* _Task objective_:
Quote all lines below exactly. Images stay out.

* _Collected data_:
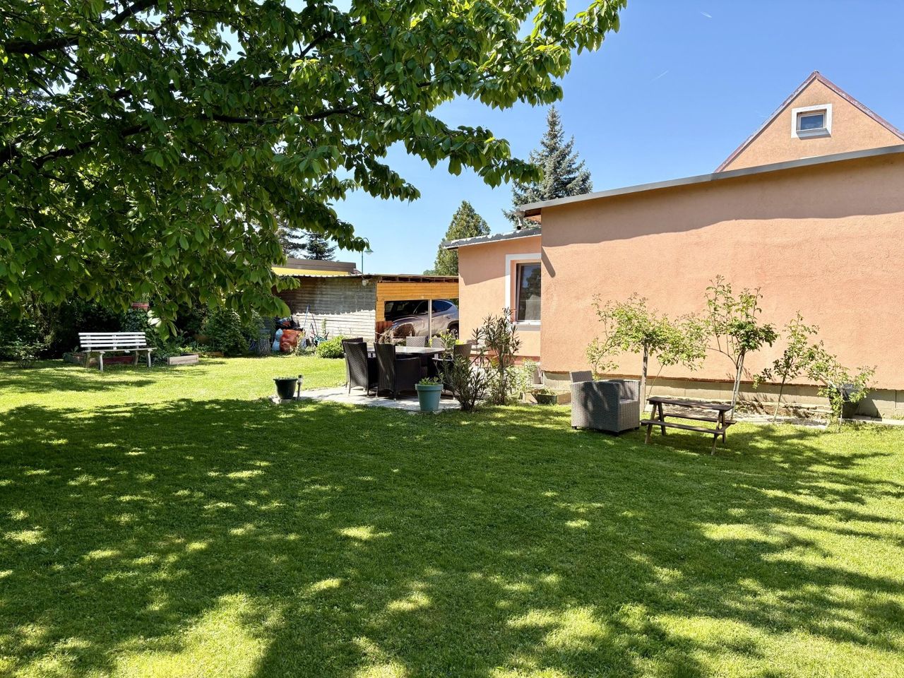 Der Außenbereich der Liegenschaft begeistert mit viel Platz, gepflegtem Grün, überdachtem Sitzbereich, einer Gartenhütte, sowie einem überdachten Abstellplatz und weiteren Stellflächen auf dem Grundstück. Der große Garten mit altem Baumbestand bietet Privatsphäre und viel Raum zum Spielen, Gärtnern oder Entspannen.
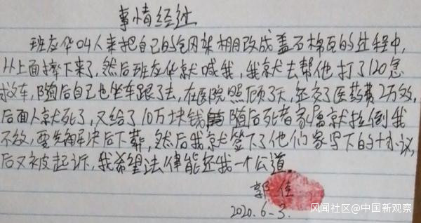 “班應華叫人來把自己的鋼架棚改成蓋石棉瓦磚混棚,鋼架棚拆除後磚混棚已完成立柱時,務工者羅啓龍站在木質橫樑上不慎墜落……隨後死者家屬纏住我不放,要先談妥賠償,後下葬,然後我就簽下了他們家已經寫好的協議,後又被起訴,我希望法律能還我一個公道。”郭佳對記者説。
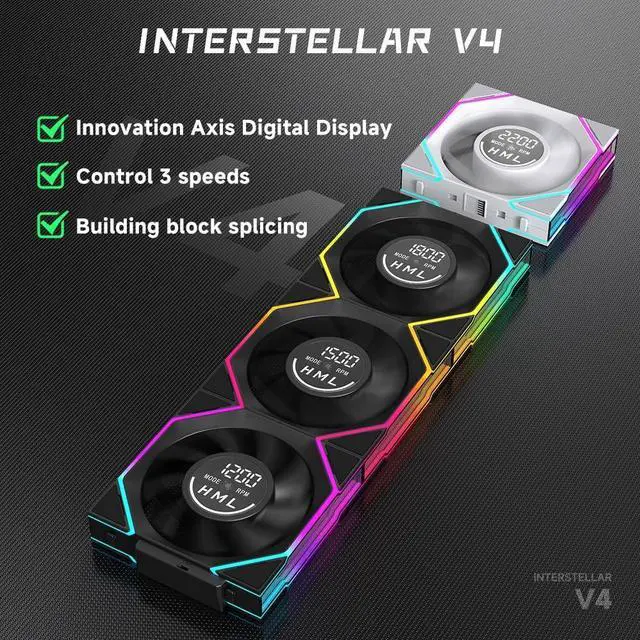 High: 600 - 210010% RPM ). The power cord lever enables convenient switching, suitable for multiple scenarios like cooling and quiet operation ^^ [Building - block Splicing]Adopts building - block splicing design, which can be quickly connected with a press, simplifying the installation process and easily creating a personalized chassis air duct ^^ [Infinite Mirror Colorful Lighting Effect]Transparent and widened infinity mirrors with high-brightness light beads provide translucent and brilliant RGB lighting effects, creating a cool chassis ^^ [Efficient Cooling with Low Noise]Air volume reaches 61.54CFM, 28MM thickness enhances air pressure (Positive pressure 3.18 mmHO, Negative pressure 2.89 mmHO ), ensuring cooling efficiency. The operating noise is only 29dBA, balancing quietness and cooling ^^ [Fan Specifications]Interstellar V4 120 case fan measures 120*120*28mm, comes with screws*12 and fan power cable*2, with hidden screw holes plus reusable rubber feet
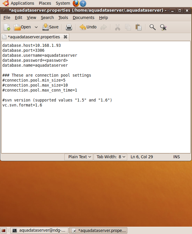 gedit /home/aquadataserver/.aquadataserver/aquadataserver.properties <press enter>
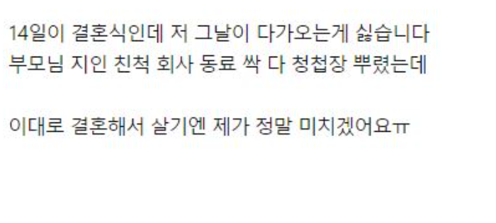 결혼 2주전인데 결혼하기 싫어요
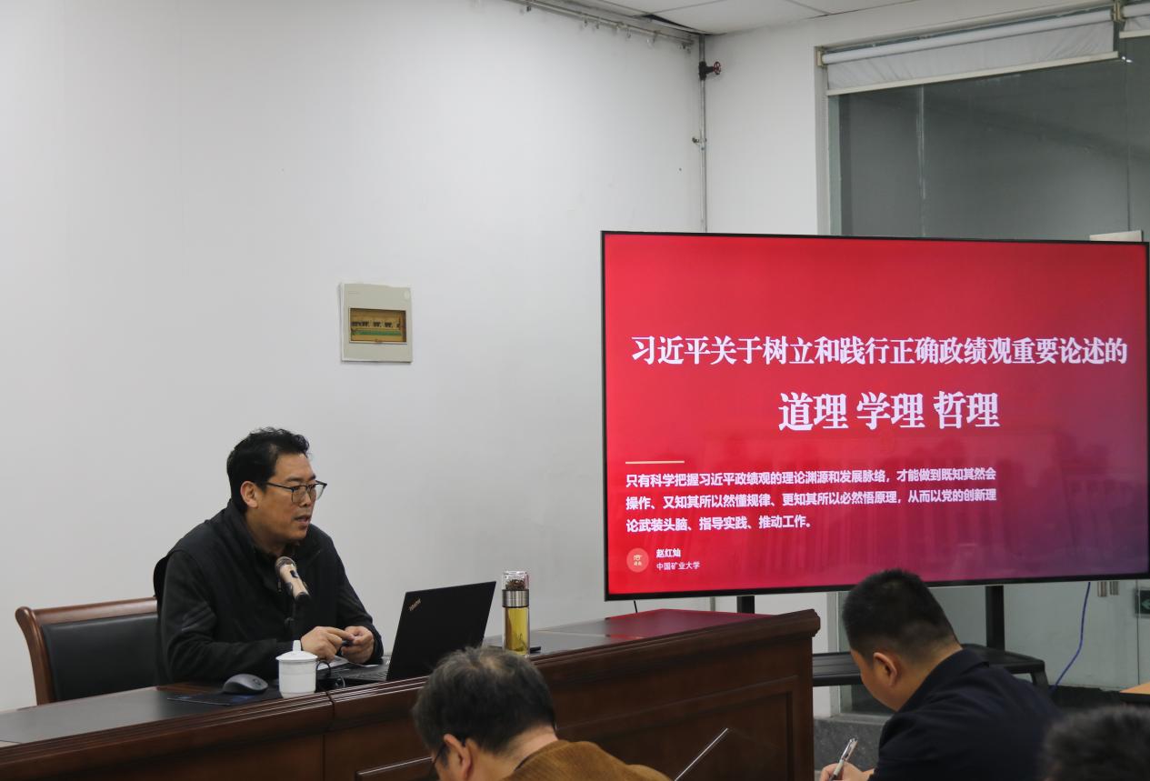 会议首先邀请人文与艺术学院党委书记赵红灿教授讲授专题党课。赵红灿教授以“习近平关于树立和践行正确政绩观重要论述的道理、学理、哲理”为题,从树立和践行正确政绩观重要论述的实践探索、基本道理、坚实学理、深刻哲理、实践进路等五个方面展开讲述。他讲到,习近平同志在地方工作期间就高度重视树立和践行正确政绩观,始终以正确政绩观立身立业、谋事成事,为全党树立了光辉典范。习近平关于树立和践行正确政绩观重要论述坚持立党为公的执政理念、为民造福的价值目标和科学谋划的规律遵循,植根于马克思主义政党的执政伦理,源自中国共产党政绩观百年演进,服务强国建设,民族复兴战略目标、体现了自我革命和社会革命的辩证统一。从本体论上体现了人民主体性和历史规律性的统一,从实践论上体现了知行合一与历史主动性的统一,从认识论上体现了真理标准和价值标准的统一,从价值论体现了公共性重构与人类命运共同体意识统一,从方法论体现了系统观念与底线思维协同创新。他指出,树立和践行正确政绩观重要论构建了防范和纠治政绩观偏差的全链条工作机制,为新时代党员干部创造经得起实践、人民和历史检验的实绩提供了根本遵循,促使党员干部牢固树立和践行正确政绩观,增强治国理政及创新创业的能力,以高质量发展书记新时代答卷。
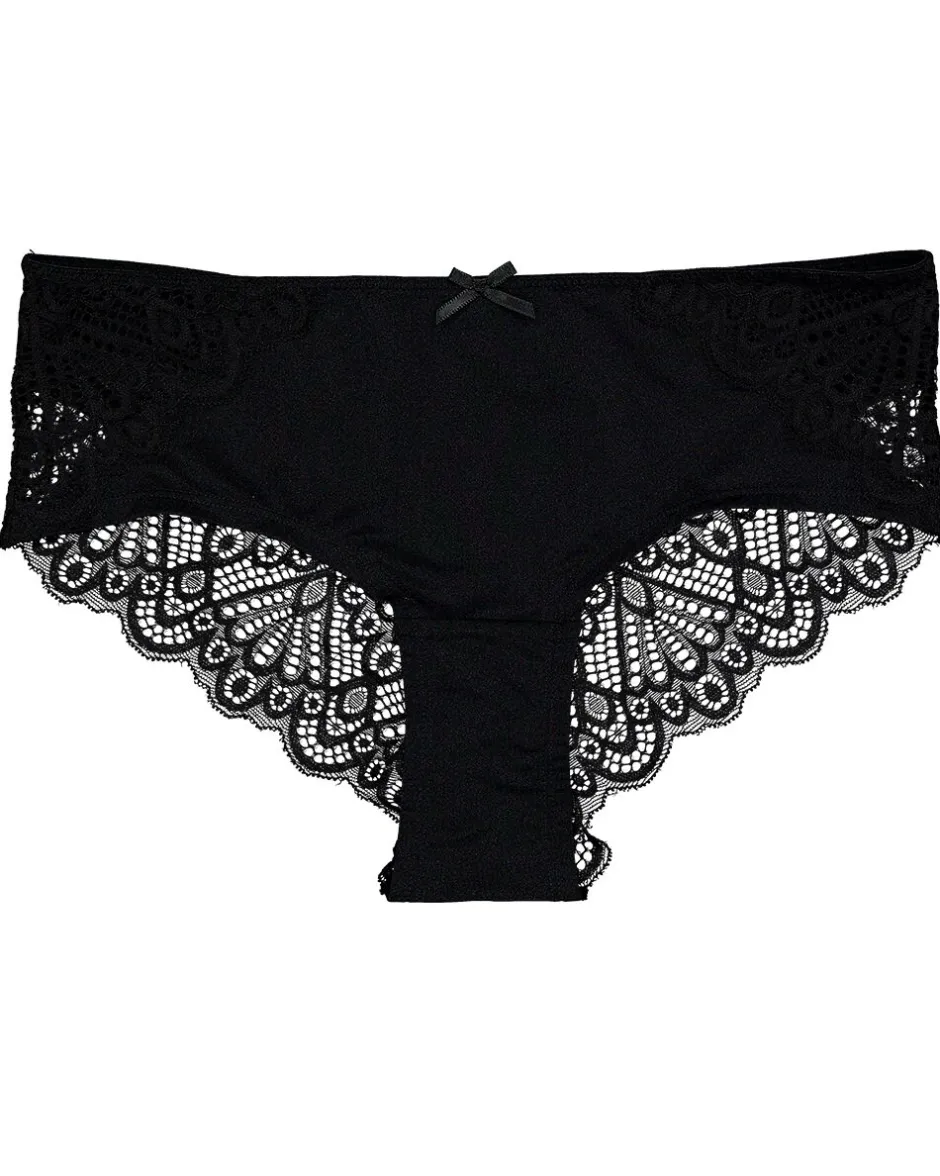 Cette hipster noire pour femme est en microfibre douce et a des finitions en dentelle le long des bords. La taille élastique s’adapte bien, ce qui permet au slip de suivre vos mouvements quand vous le portez. Grâce au tissu lisse, il est agréable sur la peau. La dentelle assure que les bords restent bien en place sous vos vêtements.
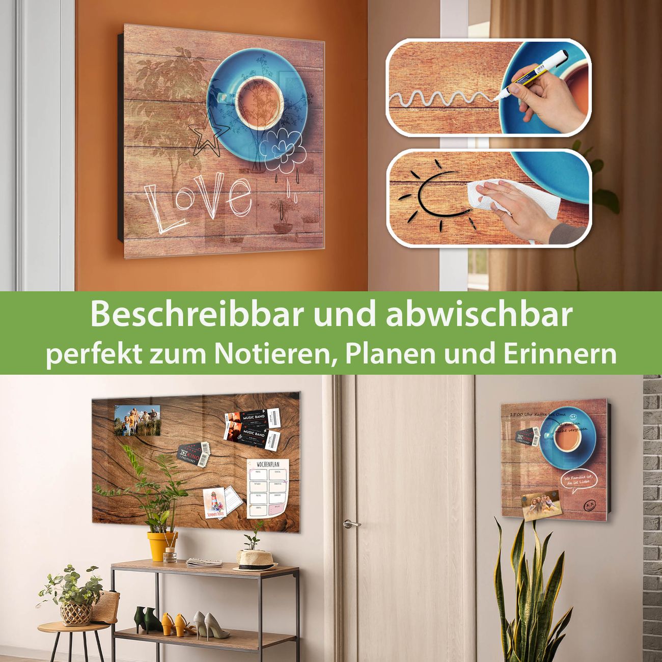 ✅ Magnetisch und mit Kreidestift beschreibbar, gehärtetes Glas, rechts angeschlagene TürOrdnung und Design in einem
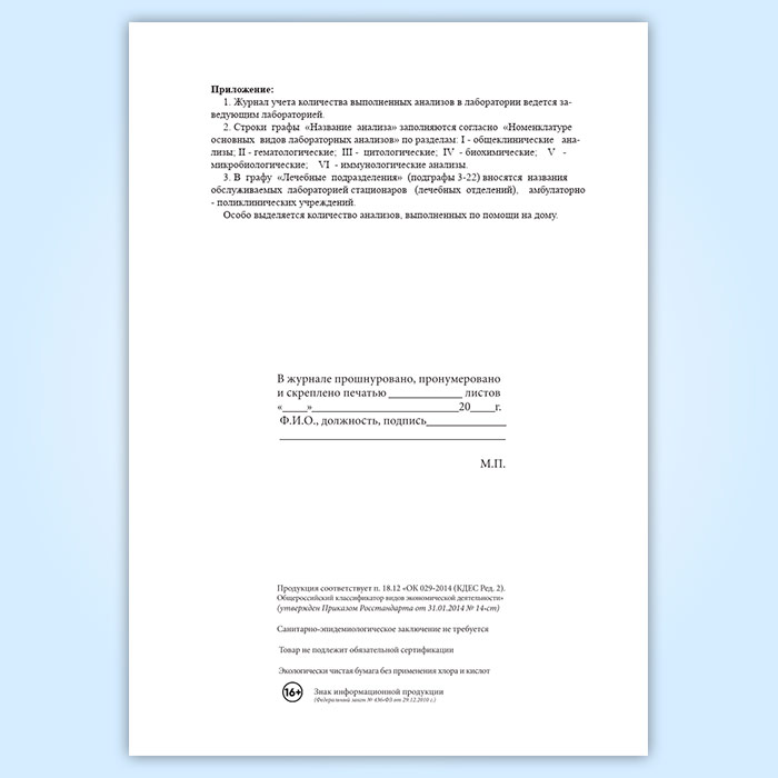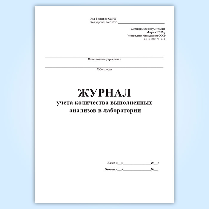 Журнал учета количества выполненных анализов в лаборатории (форма 262/у) в Рошале купить

* _Response_:
 Der Außenbereich der Liegenschaft begeistert mit viel Platz, gepflegtem Grün, überdachtem Sitzbereich, einer Gartenhütte, sowie einem überdachten Abstellplatz und weiteren Stellflächen auf dem Grundstück. Der große Garten mit altem Baumbestand bietet Privatsphäre und viel Raum zum Spielen, Gärtnern oder Entspannen.
 “班應華叫人來把自己的鋼架棚改成蓋石棉瓦磚混棚,鋼架棚拆除後磚混棚已完成立柱時,務工者羅啓龍站在木質橫樑上不慎墜落……隨後死者家屬纏住我不放,要先談妥賠償,後下葬,然後我就簽下了他們家已經寫好的協議,後又被起訴,我希望法律能還我一個公道。”郭佳對記者説。
 High: 600 - 210010% RPM ). The power cord lever enables convenient switching, suitable for multiple scenarios like cooling and quiet operation ^^ [Building - block Splicing]Adopts building - block splicing design, which can be quickly connected with a press, simplifying the installation process and easily creating a personalized chassis air duct ^^ [Infinite Mirror Colorful Lighting Effect]Transparent and widened infinity mirrors with high-brightness light beads provide translucent and brilliant RGB lighting effects, creating a cool chassis ^^ [Efficient Cooling with Low Noise]Air volume reaches 61.54CFM, 28MM thickness enhances air pressure (Positive pressure 3.18 mmHO, Negative pressure 2.89 mmHO ), ensuring cooling efficiency. The operating noise is only 29dBA, balancing quietness and cooling ^^ [Fan Specifications]Interstellar V4 120 case fan measures 120*120*28mm, comes with screws*12 and fan power cable*2, with hidden screw holes plus reusable rubber feet
 gedit /home/aquadataserver/.aquadataserver/aquadataserver.properties <press enter>
 결혼 2주전인데 결혼하기 싫어요
 会议首先邀请人文与艺术学院党委书记赵红灿教授讲授专题党课。赵红灿教授以“习近平关于树立和践行正确政绩观重要论述的道理、学理、哲理”为题,从树立和践行正确政绩观重要论述的实践探索、基本道理、坚实学理、深刻哲理、实践进路等五个方面展开讲述。他讲到,习近平同志在地方工作期间就高度重视树立和践行正确政绩观,始终以正确政绩观立身立业、谋事成事,为全党树立了光辉典范。习近平关于树立和践行正确政绩观重要论述坚持立党为公的执政理念、为民造福的价值目标和科学谋划的规律遵循,植根于马克思主义政党的执政伦理,源自中国共产党政绩观百年演进,服务强国建设,民族复兴战略目标、体现了自我革命和社会革命的辩证统一。从本体论上体现了人民主体性和历史规律性的统一,从实践论上体现了知行合一与历史主动性的统一,从认识论上体现了真理标准和价值标准的统一,从价值论体现了公共性重构与人类命运共同体意识统一,从方法论体现了系统观念与底线思维协同创新。他指出,树立和践行正确政绩观重要论构建了防范和纠治政绩观偏差的全链条工作机制,为新时代党员干部创造经得起实践、人民和历史检验的实绩提供了根本遵循,促使党员干部牢固树立和践行正确政绩观,增强治国理政及创新创业的能力,以高质量发展书记新时代答卷。
 Cette hipster noire pour femme est en microfibre douce et a des finitions en dentelle le long des bords. La taille élastique s’adapte bien, ce qui permet au slip de suivre vos mouvements quand vous le portez. Grâce au tissu lisse, il est agréable sur la peau. La dentelle assure que les bords restent bien en place sous vos vêtements.
 ✅ Magnetisch und mit Kreidestift beschreibbar, gehärtetes Glas, rechts angeschlagene TürOrdnung und Design in einem
 Журнал учета количества выполненных анализов в лаборатории (форма 262/у) в Рошале купить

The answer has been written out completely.